Sergeant Deter Train and Detective Jack Cassian are the well-intentioned D.C. police officers assigned to the gruesome murder of Elizabeth Creay. The police officers were as different as night and day, typical of partners in this kind of tale, but the author kept their relationship and back-stories from feeling overly stale or hackneyed. I felt comfortable with both of them immediately, savored the snarky humor both Deter and Jack shared, and appreciated the dedication they had to their jobs and the people in their lives.
The Chapin/Creay Women – Lydia, Elizabeth, Sydney and Amanda were intriguing. Although Amanda featured early, it was Lydia and Sydney who represented the women most strongly. The loss of Elizabeth was a blow felt by all the women very deeply and very differently. Lydia Chapin the iron-willed matriarch was the rock that her daughters and grand daughter crashed against. Lydia was unflappable and she had my sympathy most of all, because in the midst of a terrible tragedy and loss, Lydia’s motherly instincts were smothered by her sense of propriety. No parent ever wants to bury his or her child, but for Lydia Chapin, burying her first-born child was another engagement penned into her planner. Sydney felt the most loss, as she mourned the death of a sister whom she’d grown apart from. The two women were just beginning to rekindle their sisterly bonds, when the unthinkable happened. Now Sydney is left with thoughts of what could have been. Sydney’s involvement in the investigation of her sister’s death did not have as direct a path as I would have liked. She seemed to fall into the investigation by sheer happenstance and through very unconventional and almost improbable means.

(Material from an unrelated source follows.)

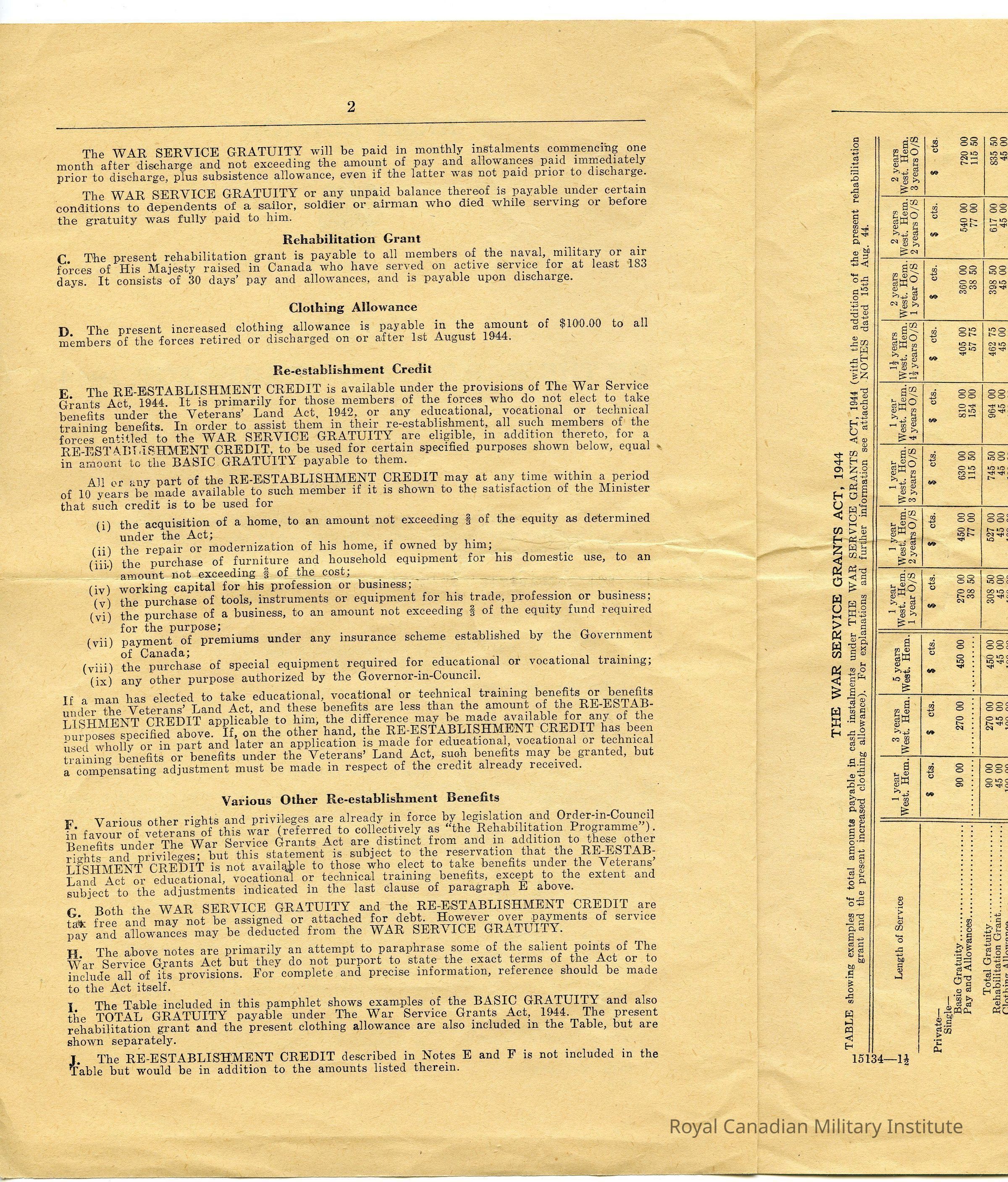 1944 Canadian Army War Service Grants pamphlet.Entry/Object ID

Of particular interest to me was the fact that with the exception of the two police officers in the case, all the male characters in the story were nefarious beings in one way or another. For each reveal that David Hosp deigned to give, there was another mystery waiting to take its place. And while the story could have survived without it, the romance between Jack and Sydney was a nice side story that did not detract from the main tale.
All in all, The Betrayed was a great read. Pop culture read that accomplishes the task of entertaining you and engaging you. Not a book for my physical or virtual bookshelf – this was a library read, but if you come across it in the marked down section of your local bookstore, you won’t regret picking it up.